An apothecary is a person who prepared and sold medicines, functioning as an early version of today’s pharmacist. The word traces back to the Greek “apothēkē,” a combination of “apo” (separate) and “thē” (to place), which literally meant a storehouse for food and wine. Over centuries, the term shifted from describing a general warehouse keeper to someone who specifically stored, mixed, and dispensed medicinal ingredients.
From Warehouse to Medicine Shop
The journey from “storage place” to “medicine maker” happened gradually. In ancient Greece and Rome, an apothēkē could hold wine, spices, or herbs. As the practice of preparing remedies became more specialized during the Middle Ages, the word narrowed. By the 1600s in Europe, an apothecary referred specifically to someone who ran a shop devoted to compounding and selling drugs.
Chemistry was central to the work. Apothecaries used mortars and pestles to grind ingredients, glass alembics and retorts for distillation, ceramic crucibles for heating compounds, and Florentine bottles for extracting flower oils. Many of these tools remained essentially unchanged for centuries. Decorated ceramic jars called albarellos lined the shelves, holding the raw ingredients needed to manufacture medicines. The jars themselves became a mark of the profession, lending prestige to the craft.
What Apothecaries Actually Did
In the 1600s and 1700s, medical practice was split among three groups: physicians diagnosed illness, barber-surgeons performed procedures, and apothecaries mixed and sold remedies. An apothecary’s daily work centered on retail, preparing formulations and selling them directly to the public without performing surgery or formal diagnosis.
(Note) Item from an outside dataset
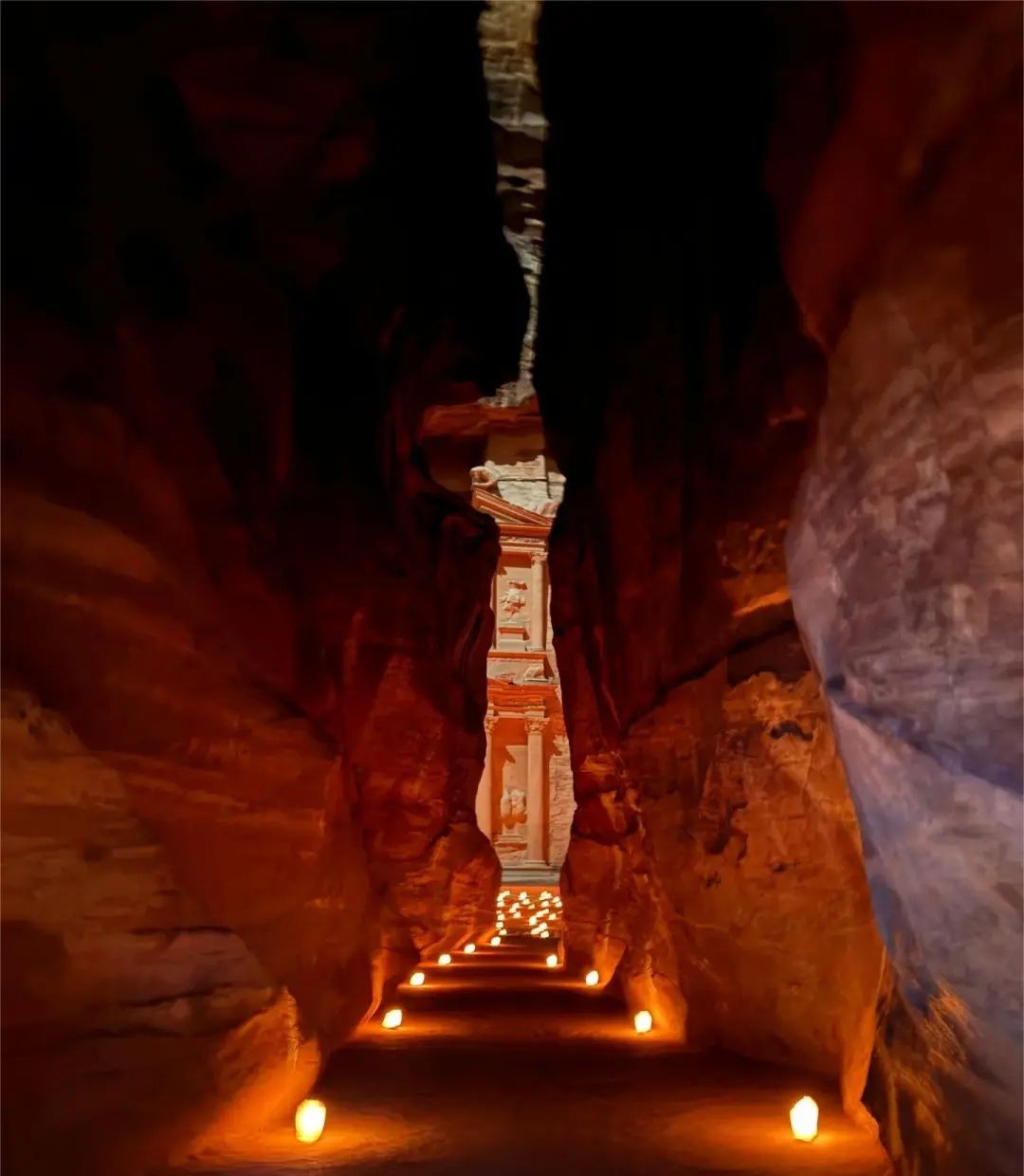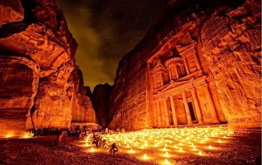 佩特拉是约旦著名古城遗址,位于约旦南部,距离首都安曼约260公里,隐藏在死海和亚喀巴湾之间的深山峡谷中,古时曾是地区重要贸易中心。佩特拉古城入口是一条狭窄峡谷通道,城内有广场、神殿、露天剧场、寺院等建筑,融合了古希腊、古罗马等多种风格。佩特拉在希腊语中意为“岩石”,因其建筑大多雕刻在红褐色岩壁上,在阳光下熠熠生辉呈现出美丽的红色而被誉为“玫瑰之城”。

That division blurred quickly. From the late 1600s onward, English apothecaries increasingly treated patients alongside selling medicines, advising, prescribing, and acting as general practitioners when no physician was available. Some became “surgeon-apothecaries,” combining both roles. In 1672, the Society of Apothecaries in London established its own chemical laboratory to manufacture drugs, controlling quality and boosting the profession’s credibility. The Society itself had been formally created in 1617 when King James I granted a royal charter separating apothecaries from the Guild of Grocers, recognizing them as a distinct profession.
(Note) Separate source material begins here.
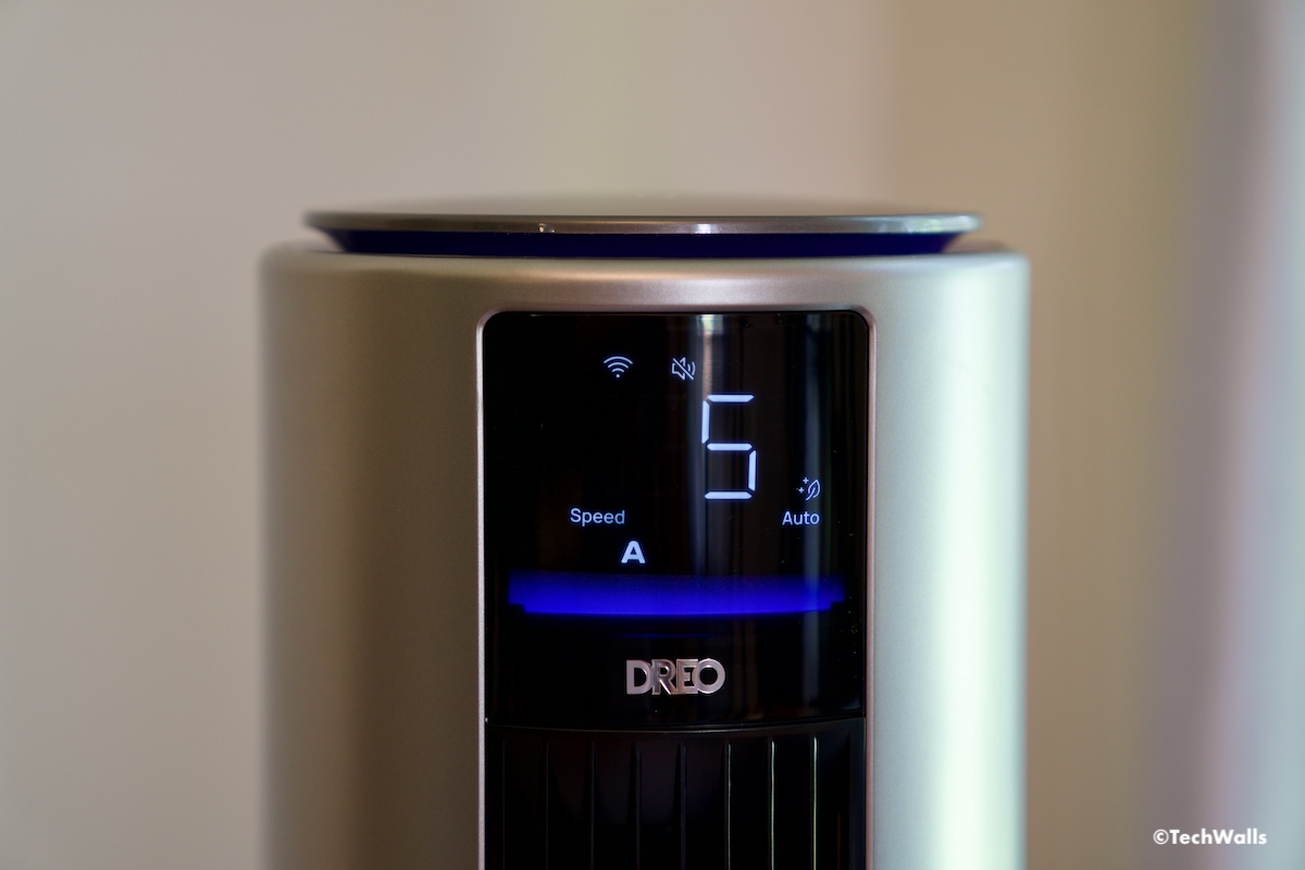 The fan features an intuitive touch interface on the top panel for setting up Wi-Fi, choosing operation modes, and displaying air quality levels, fan speed, temperature, and filter life. The included remote control and Dreo app allow for remote adjustments and real-time monitoring of air quality. The app also supports voice control via Alexa and Google Assistant.

Apothecaries in Colonial America
The boundaries were even looser in the American colonies. By the 1700s, medical practitioners were becoming more common in North American towns, but unlike in Britain or France, there was no strict system dictating who could do what. An apothecary might run a drug shop, treat patients like a physician, and sell toiletries like a general shopkeeper, all under one roof. Practitioners were free to choose which parts of medicine they practiced and to call themselves whatever they liked. This flexibility meant the apothecary often served as the closest thing to a primary care provider in many communities.
How the Term Became “Pharmacist”
By the early 1900s, the role had shifted decisively toward what we now call pharmacy. Pharmacists still fulfilled the traditional apothecary function of preparing drug products “according to the art,” but the profession was becoming more standardized and regulated. As pharmaceutical manufacturing industrialized and pre-made medications replaced hand-compounded remedies, the term “pharmacist” or “chemist” (in British English) gradually replaced “apothecary” in everyday language. The Worshipful Society of Apothecaries still exists in London today, though its role is now primarily educational and ceremonial.
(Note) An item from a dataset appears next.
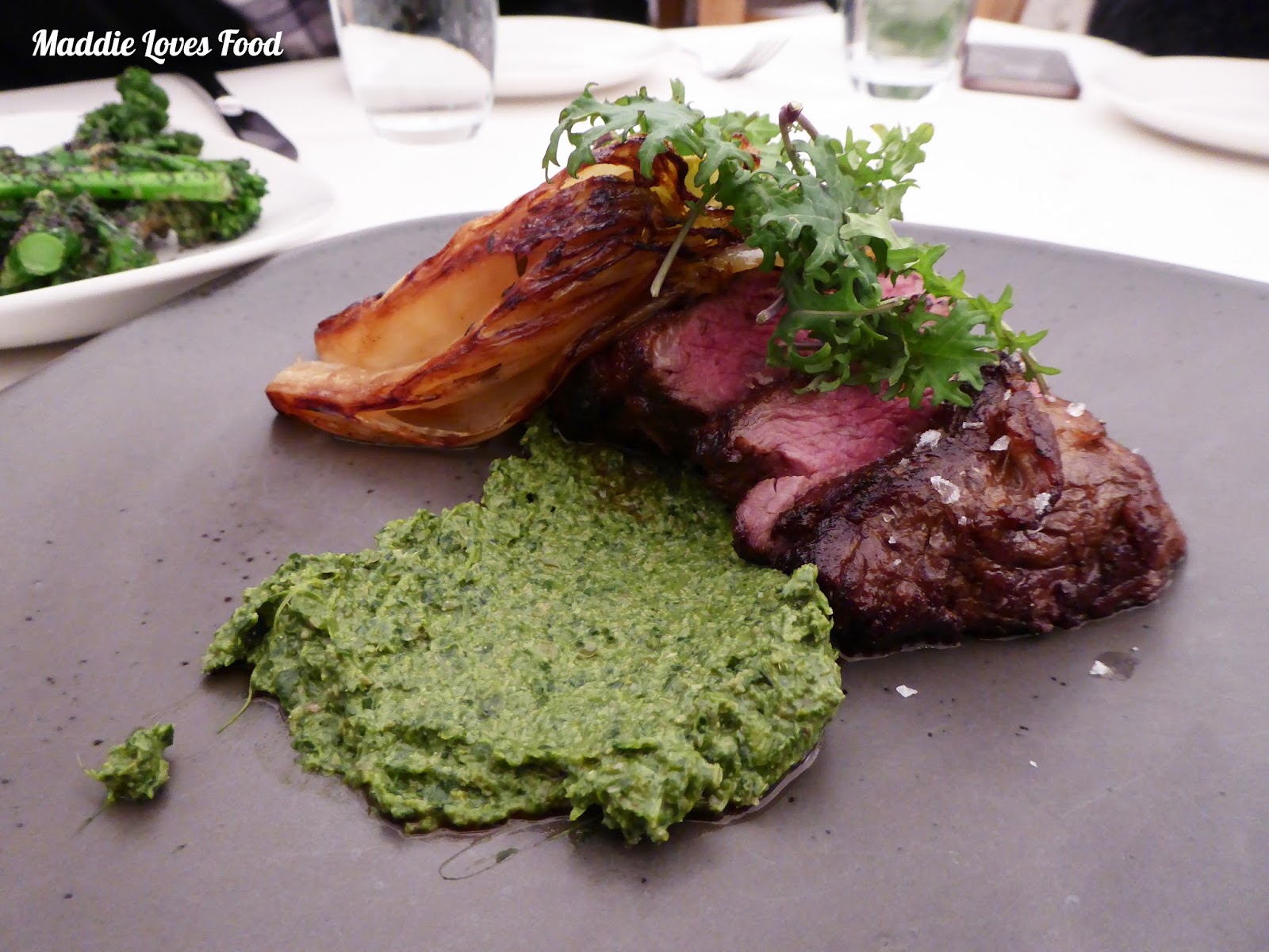 After three weeks away from sunny Sydney, this lamb brought our tastebuds back home. Cooked to a medium pink, it’s tender and juicy, and the sorrel pesto adds something quite different to the dish. We are left a little confused by the braised chicory, which is so heavy on vanilla that it almost tastes like vanilla ice cream.

Why the Word Is Everywhere Again
Walk through any trendy shopping district and you’ll see “apothecary” on storefronts, candle labels, and skincare bottles. Brands like Aesop and Malin+Goetz have built entire identities around the concept, positioning themselves as throwbacks to a time when service was personal and ingredients were simple and recognizable. The appeal is partly aesthetic (minimalist packaging, amber glass bottles) and partly philosophical. In a market filled with mass-produced cosmetics, the apothecary label signals transparency, natural ingredients, and a slower, more intentional approach to self-care.
This modern usage isn’t entirely accurate, of course. Historical apothecaries used plenty of ingredients that were neither gentle nor natural by today’s standards, including mercury and arsenic compounds. And modern “apothecary brands” often blend natural ingredients with advanced chemistry to improve performance. But the word carries a specific emotional weight: craft over mass production, care over convenience, simplicity over complexity. That’s what makes it so effective in marketing, and it’s why a Greek word for “warehouse” now appears on $40 bottles of facial oil.